In another aspect, the present invention provides a kind of freeze drying protectant as described above in freeze-drying Listeria monocytogenes standard substance
In application.
Compared with the existing technology, the invention has the following advantages:
Freeze drying protectant according to the present invention is the freeze drying protectant for being directed to Listeria monocytogenes standard substance, is passed through
Four kinds of skim milk, polyvinylpyrrolidone, sucrose and tyrosine special components are cooperated with specific mass percentage,
Can be synergistic, the Listeria monocytogenes standard substance after making freeze-drying reaches higher viable bacteria rate, and after through a long time storage its
Viable bacteria rate can still maintain higher level.Freeze-drying store method simple possible according to the present invention, it is easily operated, make
The viable bacteria rate of Listeria monocytogenes standard substance freeze-drying prods made from this method is higher.
Specific embodiment
Further to illustrate technological means and its effect adopted by the present invention, below in conjunction with preferred implementation of the invention
Example to further illustrate the technical scheme of the present invention, but the present invention is not limited in scope of embodiments.
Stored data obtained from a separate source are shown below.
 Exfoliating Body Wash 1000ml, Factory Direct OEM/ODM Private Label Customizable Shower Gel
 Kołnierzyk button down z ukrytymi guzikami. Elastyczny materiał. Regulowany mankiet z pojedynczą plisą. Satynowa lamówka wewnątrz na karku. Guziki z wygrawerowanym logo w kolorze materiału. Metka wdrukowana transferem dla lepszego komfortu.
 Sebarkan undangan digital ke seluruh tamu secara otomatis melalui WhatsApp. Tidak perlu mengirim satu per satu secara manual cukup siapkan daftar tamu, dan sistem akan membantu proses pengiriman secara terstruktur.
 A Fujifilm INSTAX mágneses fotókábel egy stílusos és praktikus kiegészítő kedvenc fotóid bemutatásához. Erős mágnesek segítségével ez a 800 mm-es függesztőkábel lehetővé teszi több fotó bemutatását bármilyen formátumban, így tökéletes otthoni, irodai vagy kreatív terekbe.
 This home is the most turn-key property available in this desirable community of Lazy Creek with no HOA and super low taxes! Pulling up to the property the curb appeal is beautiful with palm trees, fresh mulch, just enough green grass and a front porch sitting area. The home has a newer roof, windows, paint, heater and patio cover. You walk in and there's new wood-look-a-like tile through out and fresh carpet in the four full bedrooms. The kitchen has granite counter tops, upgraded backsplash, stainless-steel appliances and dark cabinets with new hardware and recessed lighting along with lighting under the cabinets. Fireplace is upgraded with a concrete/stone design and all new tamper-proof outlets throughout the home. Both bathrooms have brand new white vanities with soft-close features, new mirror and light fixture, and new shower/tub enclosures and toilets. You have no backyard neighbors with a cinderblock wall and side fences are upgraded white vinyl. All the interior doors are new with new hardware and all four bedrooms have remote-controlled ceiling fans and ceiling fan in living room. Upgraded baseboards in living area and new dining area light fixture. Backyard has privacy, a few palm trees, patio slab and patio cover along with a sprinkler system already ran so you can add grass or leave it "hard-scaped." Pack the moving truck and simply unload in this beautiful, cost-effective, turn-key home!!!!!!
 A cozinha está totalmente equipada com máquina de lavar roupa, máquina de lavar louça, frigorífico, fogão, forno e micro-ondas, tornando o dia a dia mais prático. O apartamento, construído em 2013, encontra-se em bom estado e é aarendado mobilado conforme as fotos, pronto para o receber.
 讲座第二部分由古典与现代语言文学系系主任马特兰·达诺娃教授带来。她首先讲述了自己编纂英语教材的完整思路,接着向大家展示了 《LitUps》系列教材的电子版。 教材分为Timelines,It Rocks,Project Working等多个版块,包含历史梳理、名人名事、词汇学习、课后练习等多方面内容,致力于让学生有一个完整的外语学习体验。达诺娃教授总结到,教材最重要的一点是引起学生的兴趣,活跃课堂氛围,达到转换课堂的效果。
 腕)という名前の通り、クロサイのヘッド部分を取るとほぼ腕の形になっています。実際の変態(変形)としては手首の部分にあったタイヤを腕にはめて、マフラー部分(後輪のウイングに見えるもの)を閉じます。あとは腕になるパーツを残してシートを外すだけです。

Key instrument involved in following all examples and comparative example includes the following: with reagent
Biohazard Safety Equipment (Labconco company, the U.S.);Freeze drier (Labconco company, the U.S.);Constant incubator
(Shanghai Hui Tai instrument manufacturing Co., Ltd);High-pressure sterilizing pot (Shenan Medical Appliances Factory, Shanghai);Milli-Q pure water meter (the U.S.
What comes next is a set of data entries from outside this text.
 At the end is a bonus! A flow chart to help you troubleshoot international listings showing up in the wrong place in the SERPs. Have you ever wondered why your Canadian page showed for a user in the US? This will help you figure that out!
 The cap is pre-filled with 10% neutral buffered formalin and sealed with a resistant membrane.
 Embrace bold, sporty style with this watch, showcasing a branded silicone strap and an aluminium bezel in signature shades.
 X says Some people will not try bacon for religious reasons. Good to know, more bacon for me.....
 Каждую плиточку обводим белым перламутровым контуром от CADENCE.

Merck & Co., Inc.);Electronic balance (Mettler Toled company, the U.S.);Ultra low temperature freezer (thermo company, the U.S.);Pai Dashi is equal
Matter device (French Interscience company).
Listeria Monocytogenes (Listeria monocytogenes) reference culture (ATCC strain number
19115);Listeria spp chromogenic culture medium (Beijing Luqiao Technology Co., Ltd.);Listeria enrichment broth base (LB1, LB2)
(Beijing Luqiao Technology Co., Ltd.);Trypticase soy yeast extract agar (TSA-YE) (the limited duty of Beijing overpass technology
Ren company);Phosphate buffer (Beijing Luqiao Technology Co., Ltd.);0.85% sterile saline (Beijing overpass skill
Art Co., Ltd);Digested tankage (Shanghai City metrological testing technology research self-control);Skim milk (De Yun company);Polyethylene pyrrole
Pyrrolidone (Chinese medicines group);Tyrosine (Chinese medicines group);Sucrose (Chinese medicines group).
Embodiment 1
The present embodiment carries out resurrection, identification and the culture of strain, and concrete operations are as follows:
The standard Listeria Monocytogenes strain of freezen protective is crossed resurrection on nutrient agar, 37 DEG C of cultures
18h-24h.It picks from the plate single Listeria monocytogenes and falls and be inoculated into nutrient broth, 37 DEG C, cultivate 18h-24h, take bacterium
Liquid is inoculated on TSA-YE culture medium, and 37 DEG C to after growing bacterium colony, carry out after Gram's staining the bacterium arrangement in micro- sem observation
In rod-short, size is about (0.4 μm -0.5 μm) × (0.5 μm -2.0 μm), random picking colony VITEK full-automatic biochemical point
Analyzer is identified that the single bacterium colony of picking pure culture punctures SIM dynamic culture base, 30 DEG C of culture 48h, on SIM culture medium
Side is grown in umbrella, and the single bacterium colony of picking pure culture is punctured on blood plate, 37 DEG C of culture 48h, haemolysis circle is narrow, it is clear,
Bright, to sum up experimental result, is finally accredited as Listeria monocytogenes.
Embodiment 2
The present embodiment provides a kind of freeze drying protectant for Listeria monocytogenes standard substance, the freeze drying protectant is pressed
Mass percentage meter includes following component: skim milk 50%, polyvinylpyrrolidone 0.5%, sucrose 4%, tyrosine
0.5%, solvent is sterile distilled water.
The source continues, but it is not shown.